Start of EXERCISE INPUTS

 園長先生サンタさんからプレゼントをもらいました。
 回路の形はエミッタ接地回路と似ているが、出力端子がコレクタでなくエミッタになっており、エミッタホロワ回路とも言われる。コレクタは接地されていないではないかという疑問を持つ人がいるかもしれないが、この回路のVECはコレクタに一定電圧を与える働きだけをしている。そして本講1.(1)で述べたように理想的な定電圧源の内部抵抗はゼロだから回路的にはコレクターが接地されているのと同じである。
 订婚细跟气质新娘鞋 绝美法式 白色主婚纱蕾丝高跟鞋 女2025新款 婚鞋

End of EXERCISE INPUTS
Start of EXERCISE INPUTS

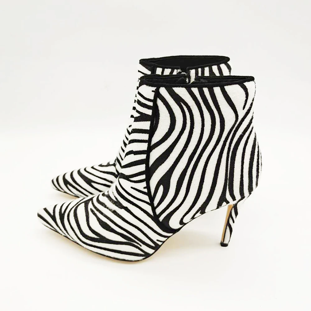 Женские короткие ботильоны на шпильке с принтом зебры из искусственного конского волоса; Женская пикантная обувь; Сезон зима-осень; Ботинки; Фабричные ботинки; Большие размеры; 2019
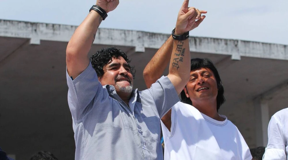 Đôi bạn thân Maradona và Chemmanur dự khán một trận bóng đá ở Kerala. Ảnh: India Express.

End of EXERCISE INPUTS

## EXERCISE GOAL
Using only the entries above, output the line with "園長先生サンタさんからプレゼントをもらいました。", the line with "订婚细跟气质新娘鞋 绝美法式 白色主婚纱蕾丝高跟鞋 女2025新款 婚鞋", and all lines between them, exactly as they stand.

## ANSWER SPACE
 園長先生サンタさんからプレゼントをもらいました。
 回路の形はエミッタ接地回路と似ているが、出力端子がコレクタでなくエミッタになっており、エミッタホロワ回路とも言われる。コレクタは接地されていないではないかという疑問を持つ人がいるかもしれないが、この回路のVECはコレクタに一定電圧を与える働きだけをしている。そして本講1.(1)で述べたように理想的な定電圧源の内部抵抗はゼロだから回路的にはコレクターが接地されているのと同じである。
 订婚细跟气质新娘鞋 绝美法式 白色主婚纱蕾丝高跟鞋 女2025新款 婚鞋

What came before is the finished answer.